(Records provided)
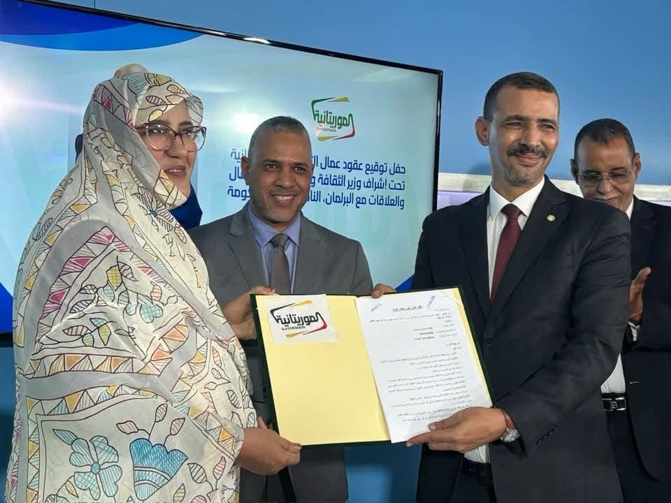 أشرف معالي وزير الثقافة والفنون والاتصال والعلاقات مع البرلمان، الناطق باسم الحكومة، السيد الحسين ولد مدو، ظهر اليوم،، على حفل توقيع عقود العمل الخاصة بالتسوية النهائية لملف المتعاونين في الإعلام العمومي، تنفيذاً للتعليمات السامية لفخامة رئيس الجمهورية الرامية إلى إنهاء هذا الملف بشكل عادل وشامل.
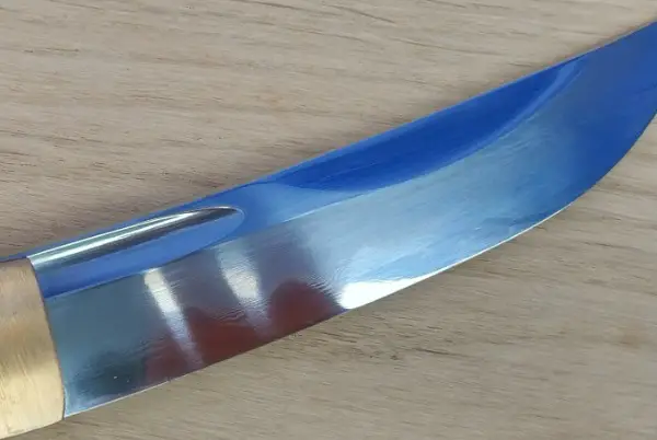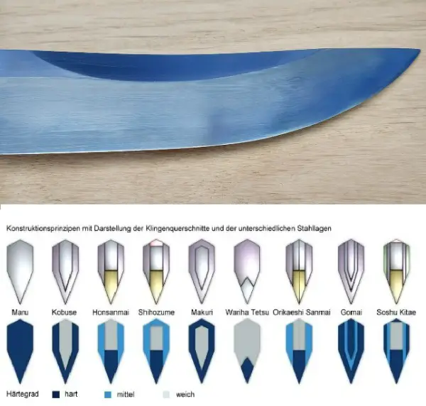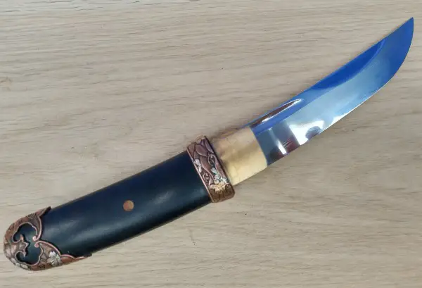 (NUR ANFRAGEN WENN SIE EIN AKTIVER NUTZER SIND) Neu und unbenutzt. Unokubi-Zukuri Tanto (Shinken) mit Honsanmai Klinge aus 1095er (hart) , 1095er und 1060er mehrfach gefaltet (mittel) und 1060er (weich) , siehe Grafik bei den Bildern. Die Klinge wurde traditionell handpoliert und differential gehärtet und nicht geätzt. Hamon (Härteverlaufslinie) und Hada (Musterung durch das Falten des Stahls) sind dezent sichtbar. Der Griff und die Scheide sind aus poliertem, asiatischem
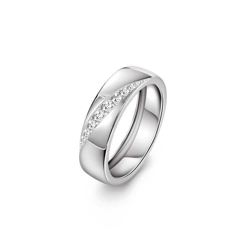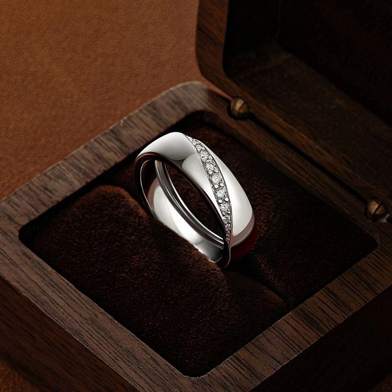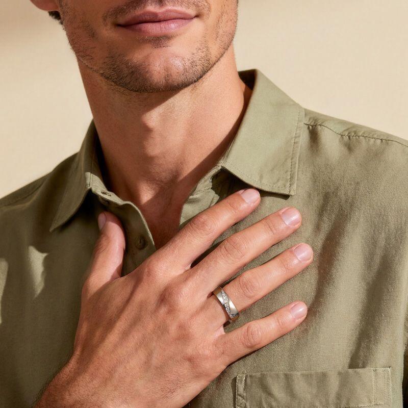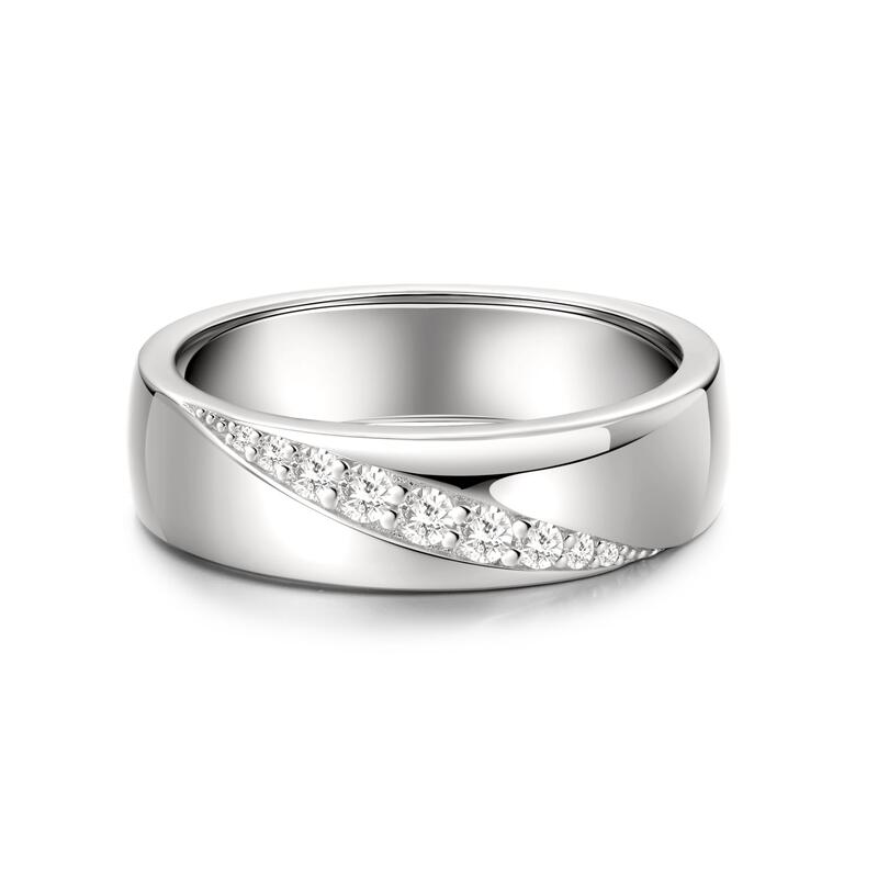 Jeulia Aliança de Casamento Masculina Diagonal Clássica Moissanita em Prata de Lei
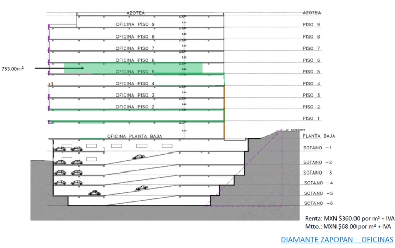 Se renta Oficina (en Obra Gris) en Edificio Dimante Zapopan, Jalisco, con un área de 753 mt2, en Piso 5.
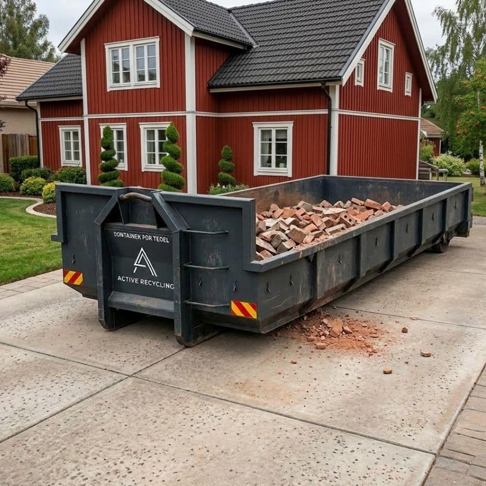 Containrar för tegel används ofta vid rivning av murverk, skorstenar, fasader eller äldre byggnader där stora mängder tegel uppstår.
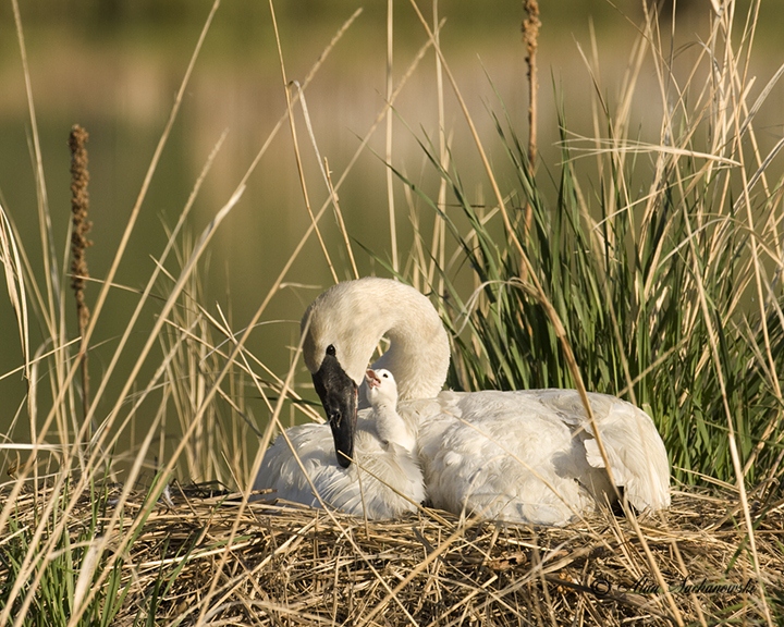 - image of a nesting Trumpeter Swan that conveys enough bill detail that a person can tell it is a trumpeter and not some other species.
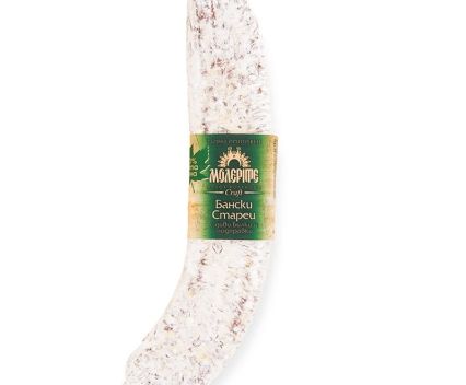 Чиста храна без Е-добавки. Приготвен по занаятчийска, крафт технология с диви билки и подправки от Банския край, напълнен в естествена обвивка, ръчно пресован и естествено изсушен.
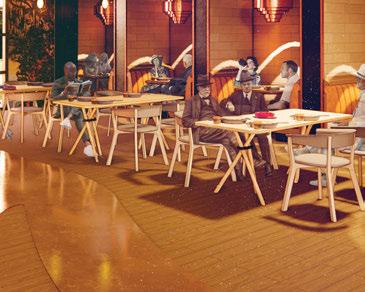Literature in action: Inspired by novels of Dicken’s, the second floor hosts the Chimes Diner, and the Olive Twist bar and lounge. A state of shimmer guides guests further into a dream-like state. Rippled stainless steel tiles are used to further the lucid, ever changing atmosphere between reality and what could be.
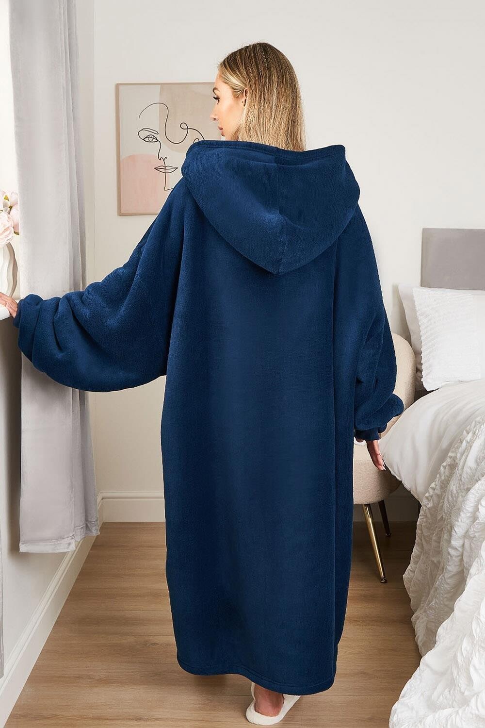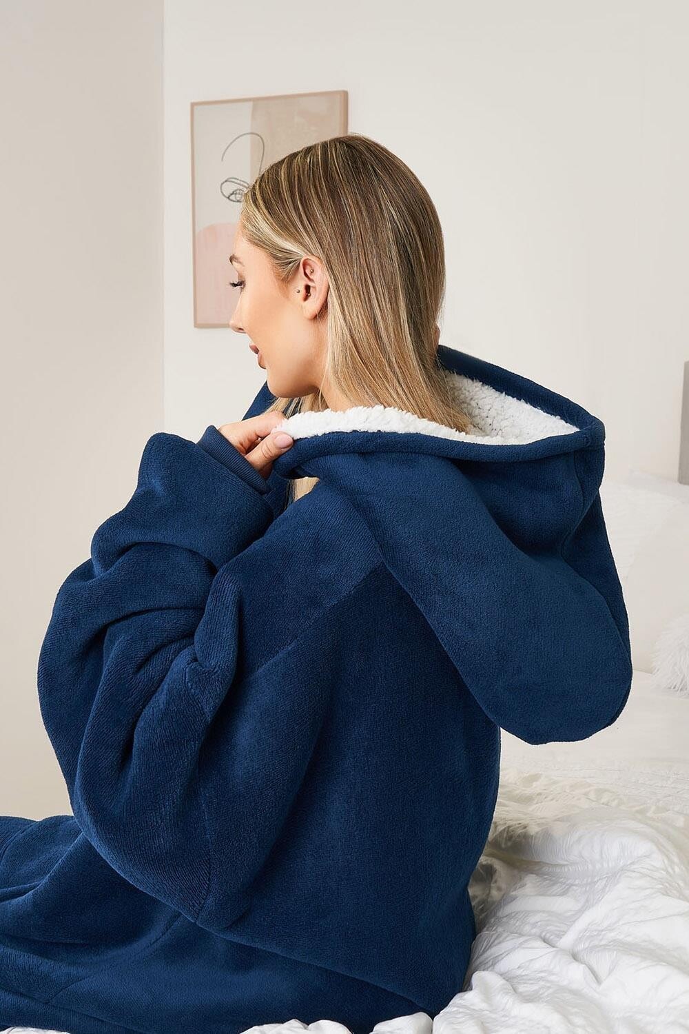 Длинное одеяло с капюшоном из флиса из шерпы большого размера Sienna, синий
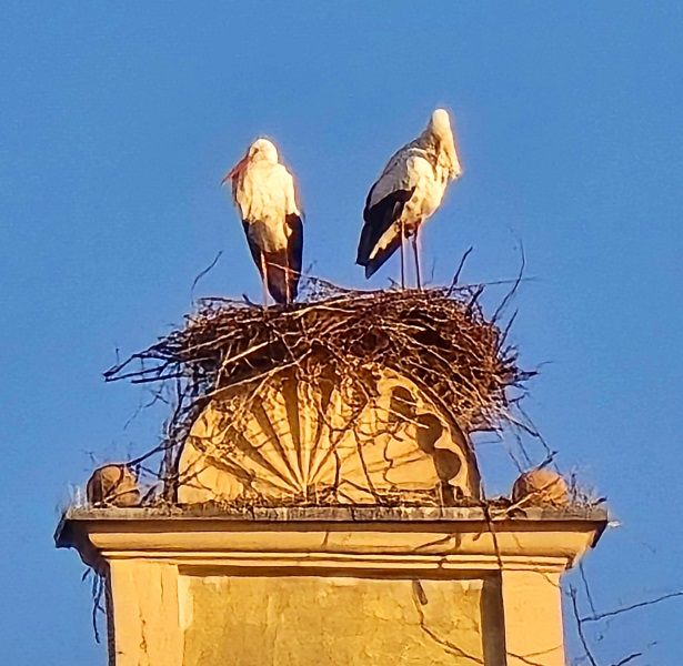 Seit das Paar auf dem Volkacher Diebenturm entdeckt worden ist, gehen die Blicke der Passanten in der Nähe des Turms immer wieder nach oben, zaubert das lautstarke Willkommens-Geklapper den Beobachtenden ein Lächeln ins Gesicht. „Schön, dass das Paar wieder hier in Volkach ist. Diesmal sogar etwas früher als letztes Jahr, es ist ein gutes Zeichen für Volkach“, so lautet der einstimmige Tenor.
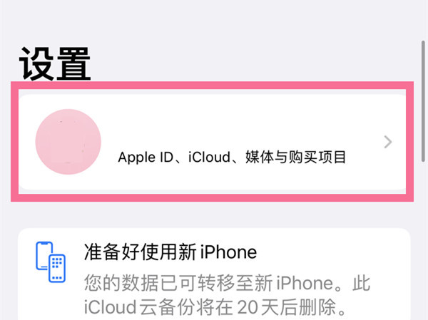 1、从设置菜单中选择最上方的Apple ID。
(End Records provided)
Your instructions: Retype the records above exactly, starting at the line that contains "Чиста храна без" and going through the last line, and leave out any pictures.

Reply to the exercise:
 Чиста храна без Е-добавки. Приготвен по занаятчийска, крафт технология с диви билки и подправки от Банския край, напълнен в естествена обвивка, ръчно пресован и естествено изсушен.
Literature in action: Inspired by novels of Dicken’s, the second floor hosts the Chimes Diner, and the Olive Twist bar and lounge. A state of shimmer guides guests further into a dream-like state. Rippled stainless steel tiles are used to further the lucid, ever changing atmosphere between reality and what could be.
 Длинное одеяло с капюшоном из флиса из шерпы большого размера Sienna, синий
 Seit das Paar auf dem Volkacher Diebenturm entdeckt worden ist, gehen die Blicke der Passanten in der Nähe des Turms immer wieder nach oben, zaubert das lautstarke Willkommens-Geklapper den Beobachtenden ein Lächeln ins Gesicht. „Schön, dass das Paar wieder hier in Volkach ist. Diesmal sogar etwas früher als letztes Jahr, es ist ein gutes Zeichen für Volkach“, so lautet der einstimmige Tenor.
 1、从设置菜单中选择最上方的Apple ID。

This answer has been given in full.